O f all the body blows, I found it hardest to deal with those to the solar plexus. Exhale all the air in your lungs. Then force more air out — twice, three times — until you can squeeze nothing more out of your lungs. Hold your breath as long as you can. Now breathe in. If you somehow cannot, that’s how it feels to get well-placed blows to the solar plexus. It leaves you gasping for breath, for air that won’t come because of the cramp on your diaphragm. The physical pain of fists hitting skin, muscles, and bones recedes to the background, until it’s just you and the air that won’t come. (I wonder if Sisa’s Basilio felt the same, hung upside down and dunked into a well?)

Three, perhaps four, men were coming at me with their fists and occasional kicks. Fists hit me on the chest, back, sides, and of course the solar plexus area of the abdomen. After watching me gasp for breath, they would let me catch some, then ask the questions. Essentially, they wanted from me names and addresses. I would give my name and home address, and start with the Story. Then the blows would come again. I told them that when I wasn’t home, I stayed with uncles and aunts. They then wanted my uncle’s address. More body blows.

Captain Esguerra peeks into the room and asks his men, “Anything?” They shake their heads, “Sir, ayaw ibigay ‘yong bahay ng uncle daw n’ya, e!” (“He won’t reveal the house of his supposed uncle.”) Esguerra reminds them, “Tactical, tactical!” I took that to mean he wanted them to focus on the tactical interrogation objective, which was to trace the network of UG (underground) houses. Raiding my parents’ or any relative’s home would have given away the information that I was already in military hands, and wouldn’t net them to any UG house.

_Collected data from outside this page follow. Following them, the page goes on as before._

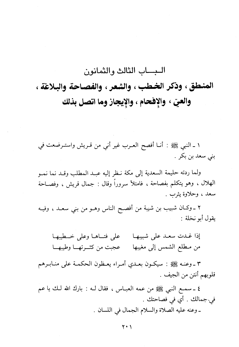 الباب الثالث والثمانون المنطق، وذكر الخطب، والشعر، والفصاحة والبلاغة، والعيّ، والإفحام، والإيجاز وما اتصل بذلك
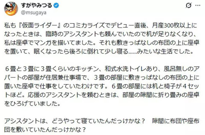 像《漫画谈》时间的漫画家,包括藤子不二雄这一代东谈主,大量齐是盘腿坐在矮桌前画稿。
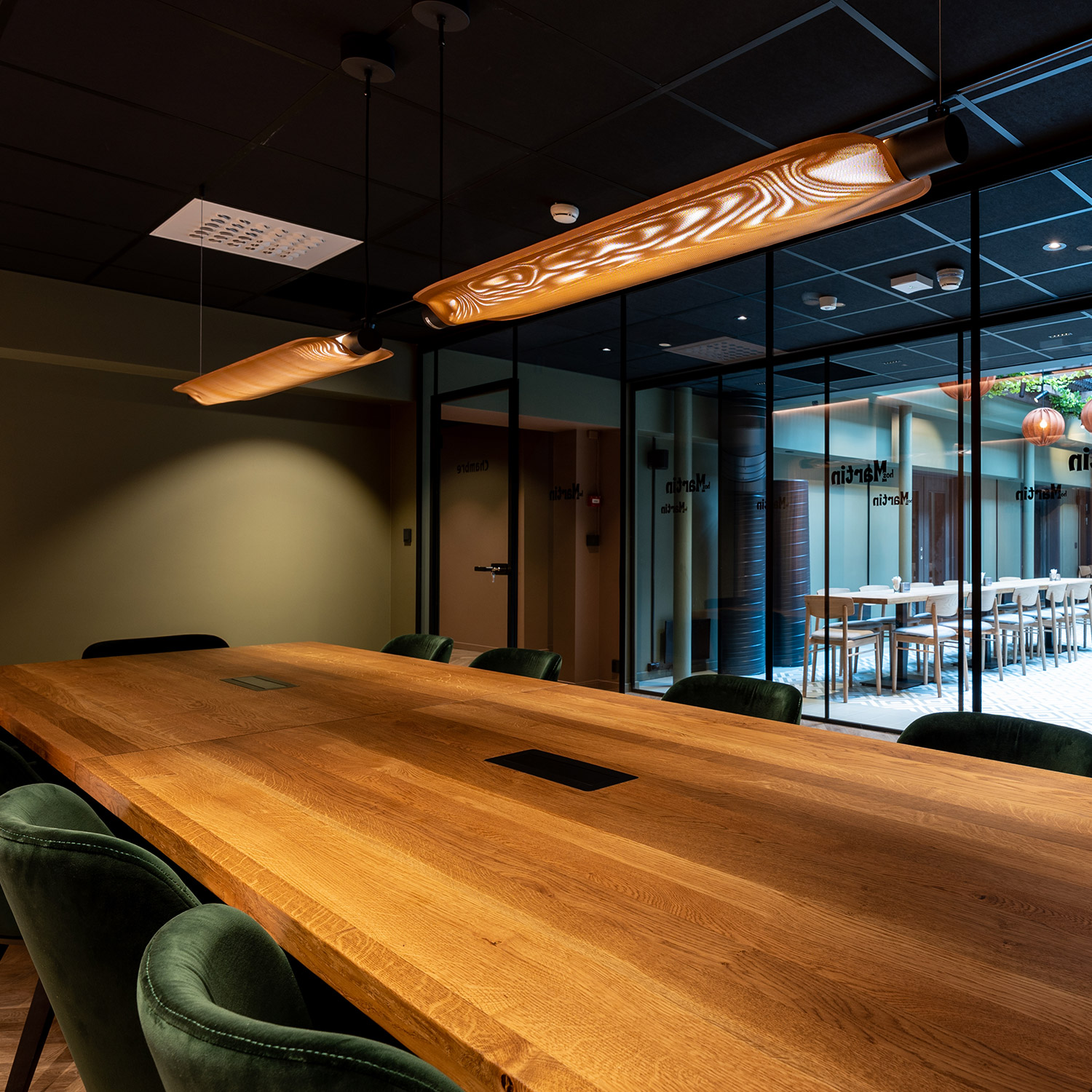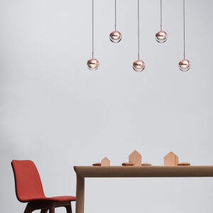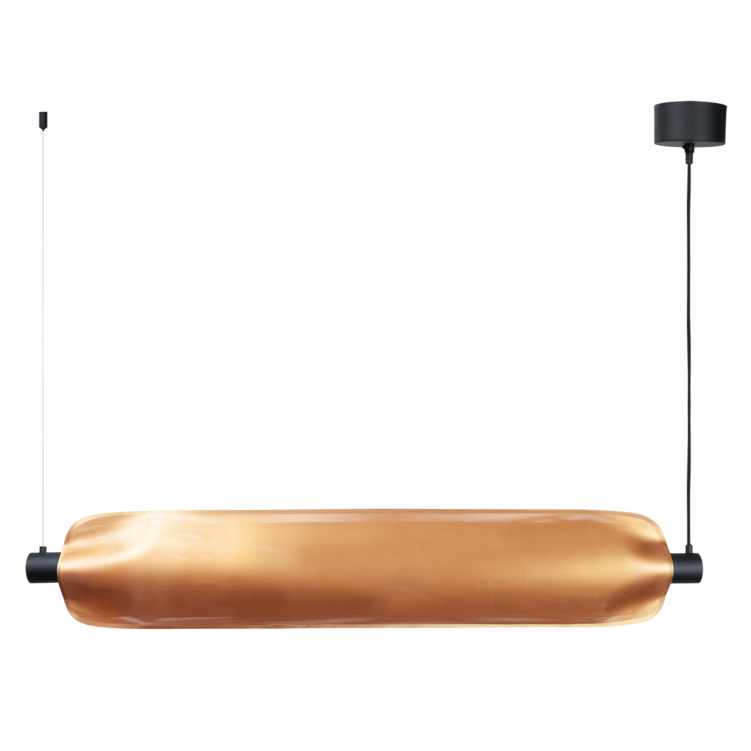 Pendellampen «Ombro» kombinerer estetikk med avansert teknologi, ideell for estetisk orienterte individer. Den har en distinkt bølgende form med en kobberfinish, som tilbyr et moderne visuelt inntrykk. Med mål på 1320 mm i lengde, 60 mm i bredde, og 240 mm i høyde, er «Ombro» designet for å komplementere både arbeids- og spiseområder uten å dominere rommet.

I don’t really remember how long it took. An hour or two, perhaps more. Probably less than what it seemed to me. At one point, when I felt I was about to give in (the bone of contention was still my uncle’s home address), I told myself to last a little longer. A few seconds more, a few minutes more. No, not yet. Then they would pause for the questions. And we’d go one more round. Subconsciously, I felt that giving away my uncle’s address would be giving away nothing at all. It would, on the other hand, inform my relatives and subsequently my parents that I was in military hands. And that information might protect me from a worse fate. But then I didn’t want to impose on my uncle and aunt the terror of getting raided in their home.

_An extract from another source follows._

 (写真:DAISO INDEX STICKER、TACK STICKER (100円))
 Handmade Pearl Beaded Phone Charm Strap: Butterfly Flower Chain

My frustrated interrogators probably did not realize it, but they were testing not my loyalty to the Movement, but my filial love for Auntie Orang, a cousin of my father, and her husband Uncle Domeng, who gave me sanctuary in the earliest days of martial law when I had nowhere to go.

I felt numb and totally exhausted when I was finally put inside a jail cell, which was in the same building where I was interrogated. In a way I was lucky. I was a junior catch. The interrogators were focused on Roger, Julius, and their prize catch, number two in the communist hierarchy, CPP secretary-general Monico “Nick” Atienza. If they spent their time tracing up instead of down, Nick’s household could lead them to an even bigger catch, the chairman of the Communist Party of the Philippines who, the military said, was Jose Maria Sison.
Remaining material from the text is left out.